LISTED RECORDS: Begin

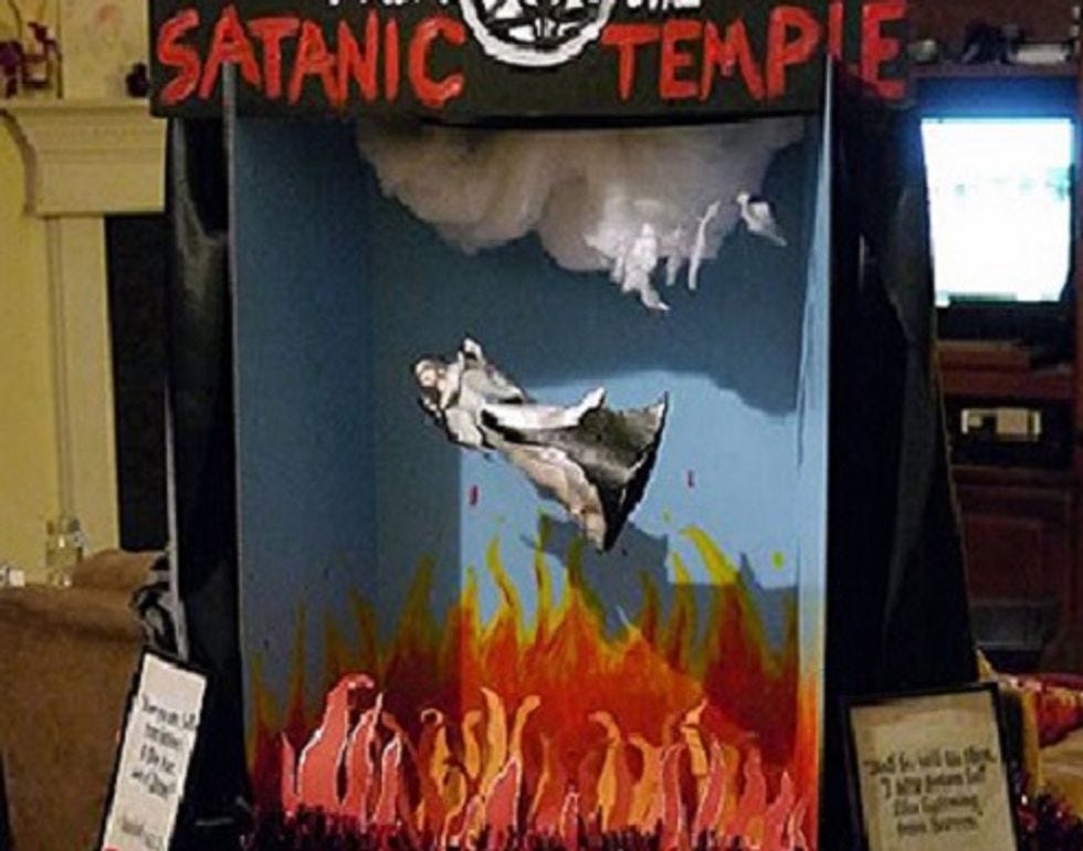 The 5-foot-by-5-foot poster the Satanists hoped to display showed an angel falling into hell along with a message reading, “Happy holidays from the Satanic Temple.”
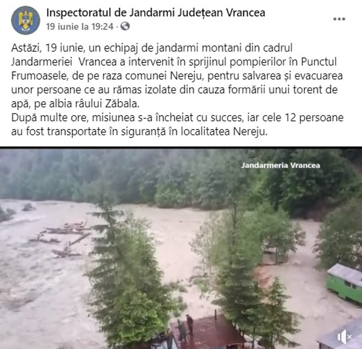 Inspectoratul de Jandarmi Județean (IJJ) Vrancea: „Astăzi, 19 iunie, un echipaj de jandarmi montani din cadrul Jandarmeriei Vrancea a intervenit în sprijinul pompierilor în Punctul Frumoasele, de pe raza comunei Nereju, pentru salvarea și evacuarea unor persoane ce au rămas izolate din cauza formării unui torent de apă, pe albia râului Zăbala. După multe ore, misiunea s-a încheiat cu succes, iar cele 12 persoane au fost transportate în siguranță în localitatea Nereju”.
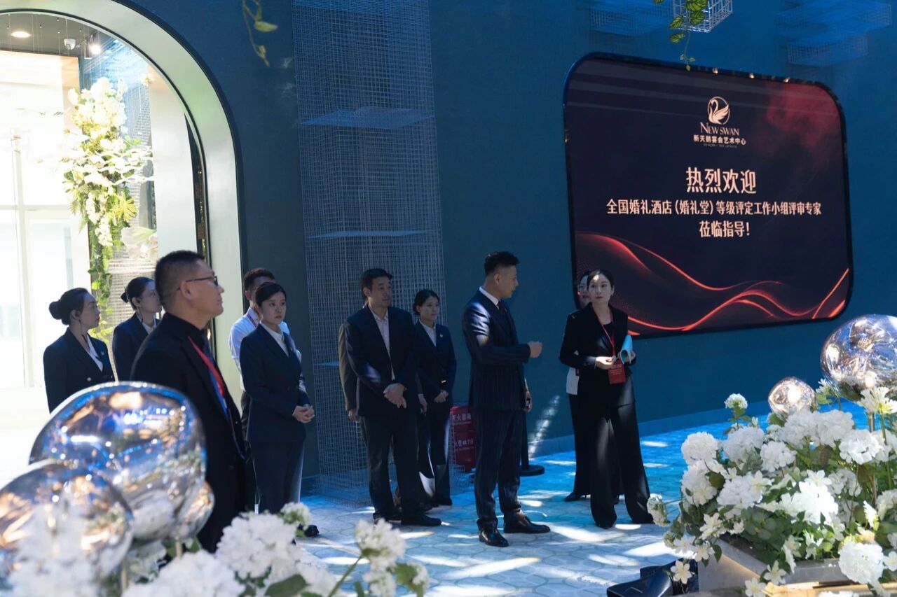 2025年9月22日,由全国婚礼酒店星评组评审办公室主任 朱若槿 女士带队,评审员 任亭 女士、李旗星 先生、周紫薇 女士、张学冰 先生 组成的评审专家组,在新天鹅宴会艺术中心 董事长 刘阳 先生、总经理 刘宇恒 先生 及公司管理层的陪同下,对新天鹅宴会艺术中心开展全国星级婚礼酒店现场评审工作。
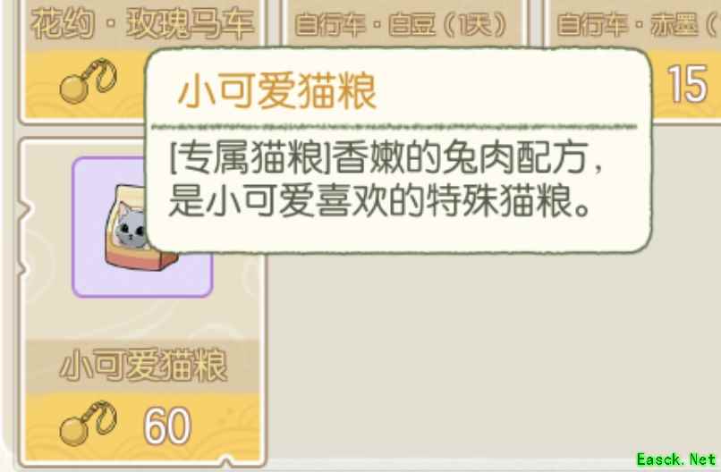 二、高级猫咪专属猫粮 1.巧克力猫粮:50个水琴铃·金道具兑换 这款猫粮是巧克力最喜欢的食物,用来投喂有几率领养。 2.酱小油猫粮:50个水琴铃·金道具兑换 这款猫粮是酱小油最喜欢的食物,用来投喂有几率领养。 3.王子猫粮:60个水琴铃·金道具兑换 这款猫粮是王子最喜欢的食物,用来投喂有几率领养。 4.小可爱猫粮:60个水琴铃·金道具兑换 这款猫粮是小可爱最喜欢的食物,用来投喂有几率领养。
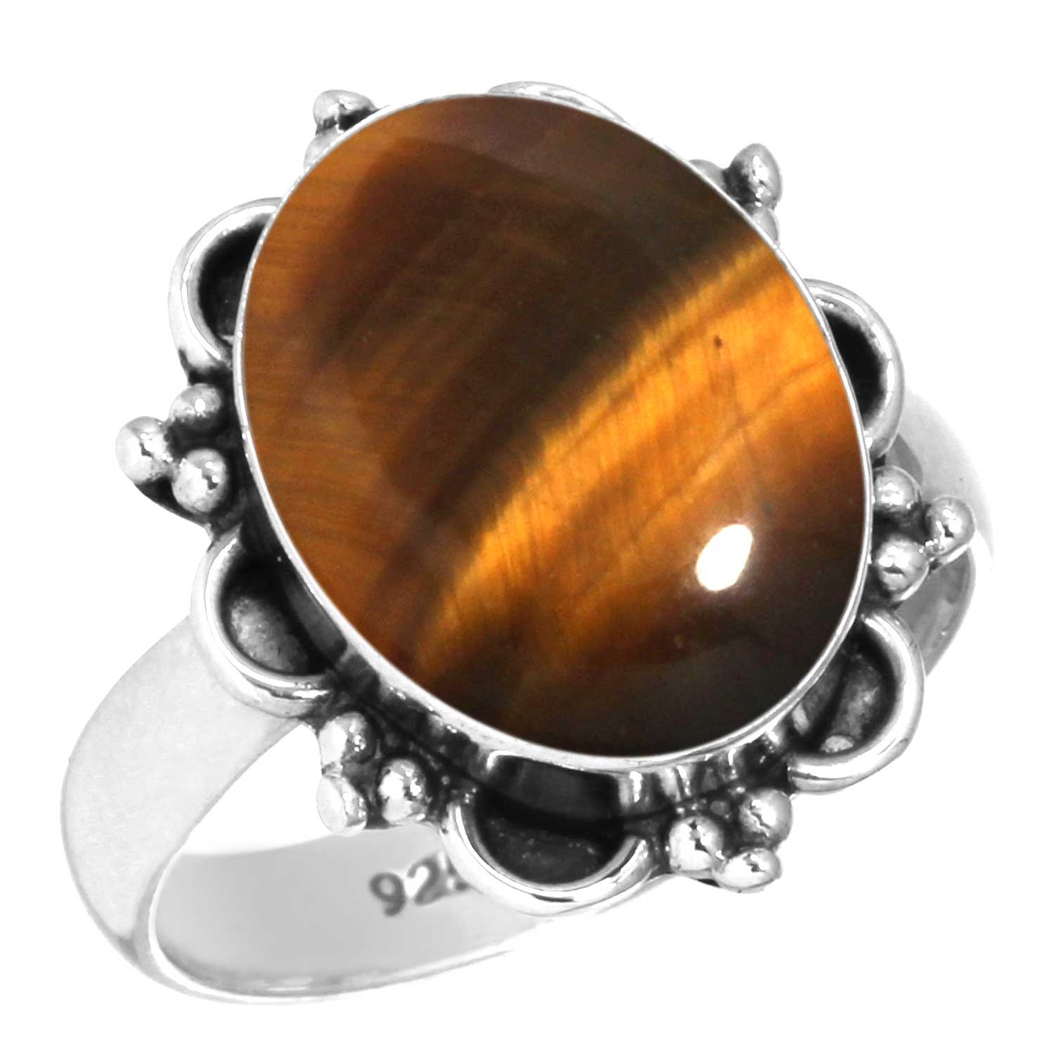 Кольцо из стерлингового серебра 925 пробы Женское Драгоценный камень Ручная работа Ювелирное изделие Свадебный подарок Малахит Радужный лунный камень Розовый кварц Красный камень Дымчатый топаз Тигровый глаз Винтаж 5.5 глаз тигра
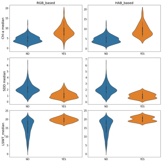 Violin plots of CHL (upper), SDD (middle) and LWST (lower) values contrasting between blooming and non-blooming states. Differentiation of blooming state was either realized by RGB imagery evaluation (left) or by HAB indicator (right).
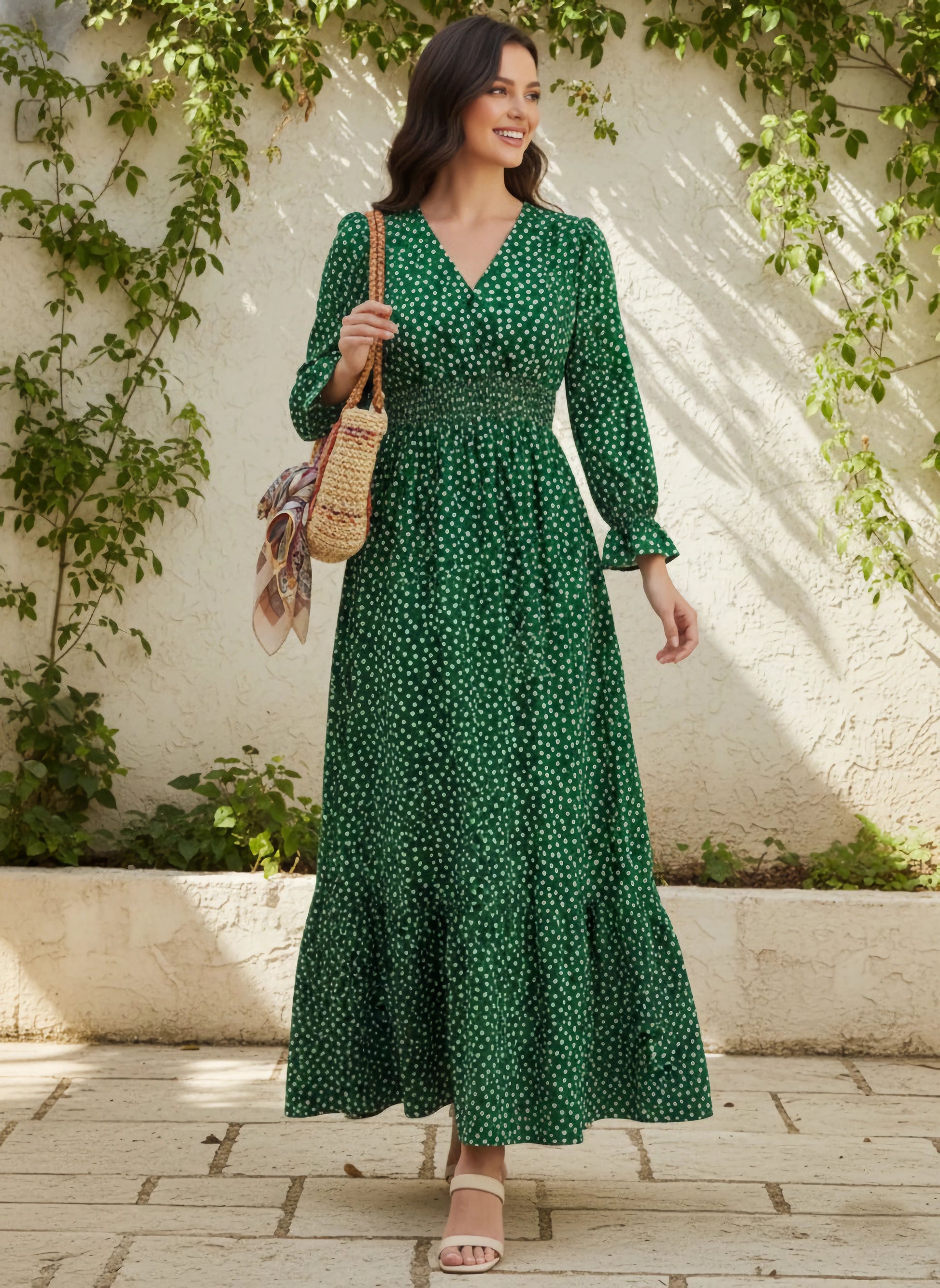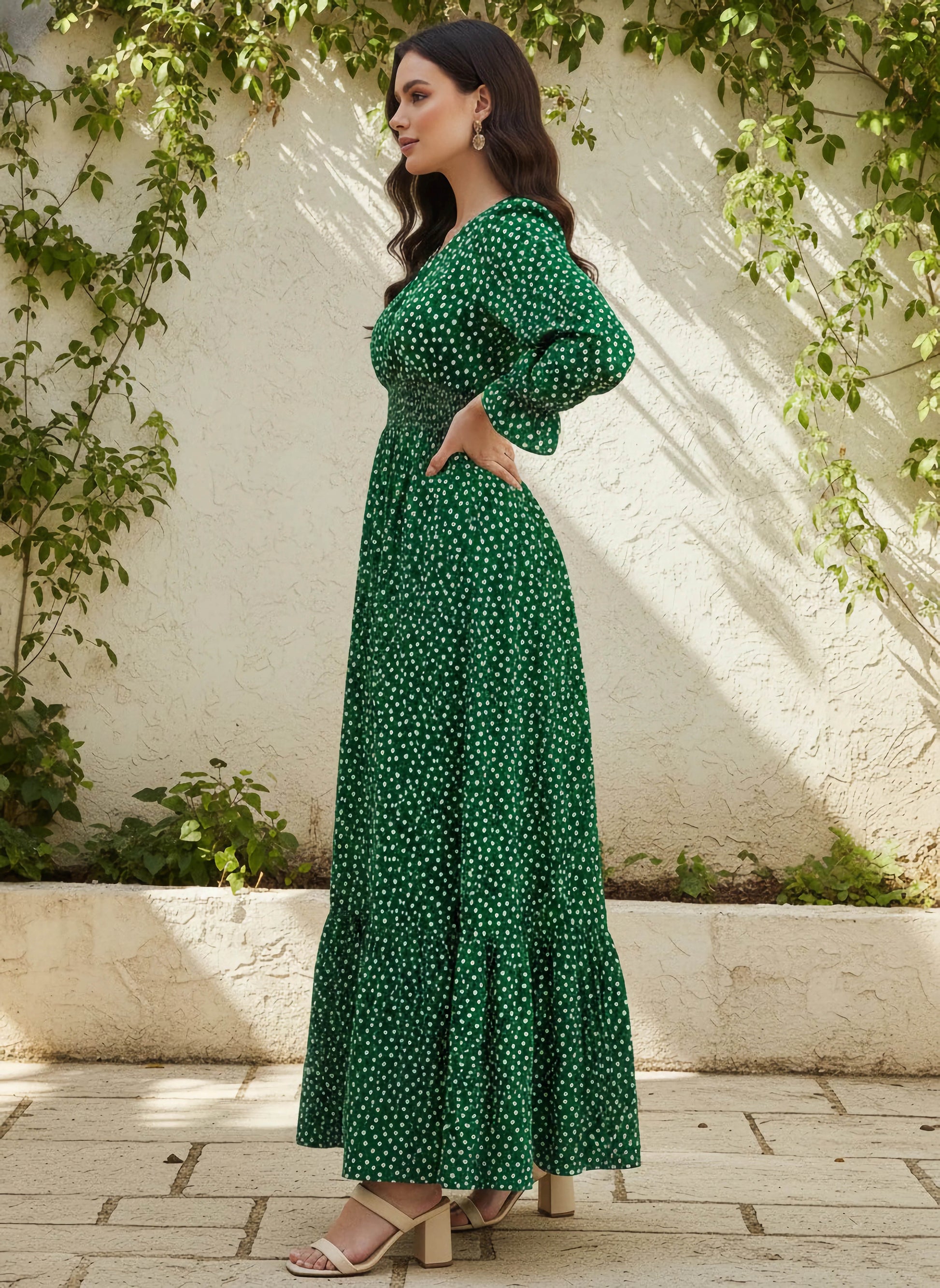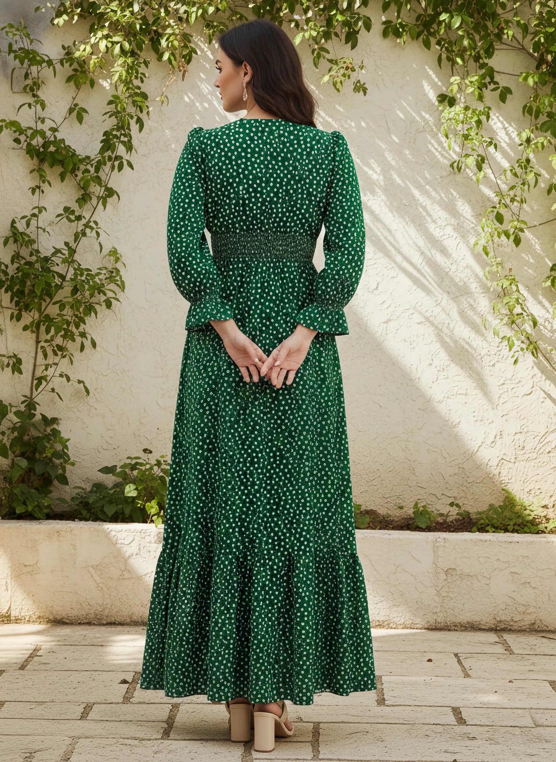 Introducing the Berrylush Green & White Floral Printed A-Line Maxi Dress, where elegant design meets casual sophistication. Perfect for any laid-back gathering, this dress features an enchanting floral pattern set against a fresh green and white palette that captures the essence of spring. The V-neckline and flirty ruffled surface styling add a touch of romance, while the bishop sleeves bring a vintage flair to your look. Crafted from premium polyester with an opaque finish, it promises both comfort and style. The flounce hemline sways gracefully as you move, making every moment feel special in this exquisite maxi-length creation by Berrylush.
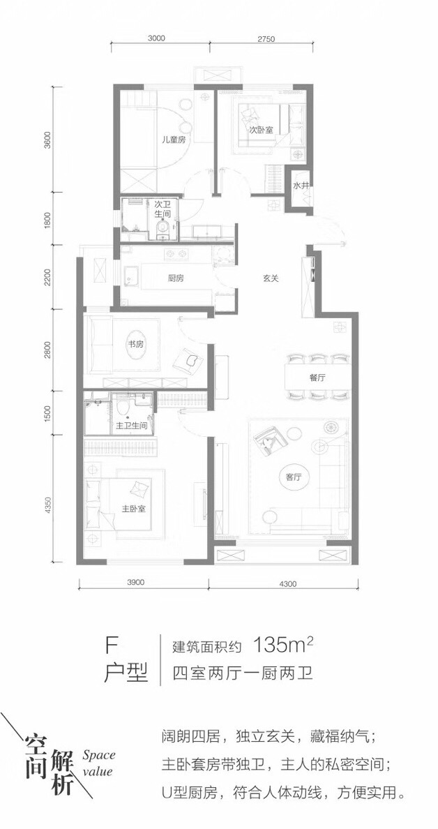135平的四室两卫,这个户型可以看成89平户型中部位置插入了书房空间,并延长了客厅长度,客厅4.3米的面宽,主卧套间设计。客卫也做成干湿分离设计,增加其使用能力。
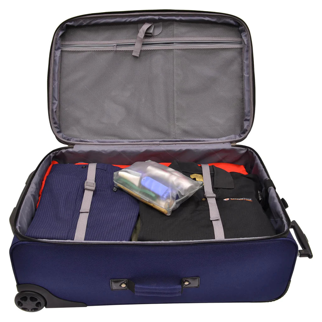 - Expandable feature offers 30% more packing capacity. Interior zippered meshed pocket and tie down straps.
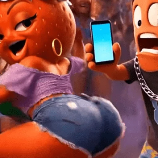 Uma mulher com uma expressão de surpresa e um homem mostrando um celular com a tela azul, ambos com semblantes engraçados.

LISTED RECORDS: End

**EXERCISE PROMPT**
I'd like the records above given again exactly, please, without the pictures.

**ANSWER SPACE**
 The 5-foot-by-5-foot poster the Satanists hoped to display showed an angel falling into hell along with a message reading, “Happy holidays from the Satanic Temple.”
 Inspectoratul de Jandarmi Județean (IJJ) Vrancea: „Astăzi, 19 iunie, un echipaj de jandarmi montani din cadrul Jandarmeriei Vrancea a intervenit în sprijinul pompierilor în Punctul Frumoasele, de pe raza comunei Nereju, pentru salvarea și evacuarea unor persoane ce au rămas izolate din cauza formării unui torent de apă, pe albia râului Zăbala. După multe ore, misiunea s-a încheiat cu succes, iar cele 12 persoane au fost transportate în siguranță în localitatea Nereju”.
 2025年9月22日,由全国婚礼酒店星评组评审办公室主任 朱若槿 女士带队,评审员 任亭 女士、李旗星 先生、周紫薇 女士、张学冰 先生 组成的评审专家组,在新天鹅宴会艺术中心 董事长 刘阳 先生、总经理 刘宇恒 先生 及公司管理层的陪同下,对新天鹅宴会艺术中心开展全国星级婚礼酒店现场评审工作。
 二、高级猫咪专属猫粮 1.巧克力猫粮:50个水琴铃·金道具兑换 这款猫粮是巧克力最喜欢的食物,用来投喂有几率领养。 2.酱小油猫粮:50个水琴铃·金道具兑换 这款猫粮是酱小油最喜欢的食物,用来投喂有几率领养。 3.王子猫粮:60个水琴铃·金道具兑换 这款猫粮是王子最喜欢的食物,用来投喂有几率领养。 4.小可爱猫粮:60个水琴铃·金道具兑换 这款猫粮是小可爱最喜欢的食物,用来投喂有几率领养。
 Кольцо из стерлингового серебра 925 пробы Женское Драгоценный камень Ручная работа Ювелирное изделие Свадебный подарок Малахит Радужный лунный камень Розовый кварц Красный камень Дымчатый топаз Тигровый глаз Винтаж 5.5 глаз тигра
 Violin plots of CHL (upper), SDD (middle) and LWST (lower) values contrasting between blooming and non-blooming states. Differentiation of blooming state was either realized by RGB imagery evaluation (left) or by HAB indicator (right).
 Introducing the Berrylush Green & White Floral Printed A-Line Maxi Dress, where elegant design meets casual sophistication. Perfect for any laid-back gathering, this dress features an enchanting floral pattern set against a fresh green and white palette that captures the essence of spring. The V-neckline and flirty ruffled surface styling add a touch of romance, while the bishop sleeves bring a vintage flair to your look. Crafted from premium polyester with an opaque finish, it promises both comfort and style. The flounce hemline sways gracefully as you move, making every moment feel special in this exquisite maxi-length creation by Berrylush.
135平的四室两卫,这个户型可以看成89平户型中部位置插入了书房空间,并延长了客厅长度,客厅4.3米的面宽,主卧套间设计。客卫也做成干湿分离设计,增加其使用能力。
 - Expandable feature offers 30% more packing capacity. Interior zippered meshed pocket and tie down straps.
 Uma mulher com uma expressão de surpresa e um homem mostrando um celular com a tela azul, ambos com semblantes engraçados.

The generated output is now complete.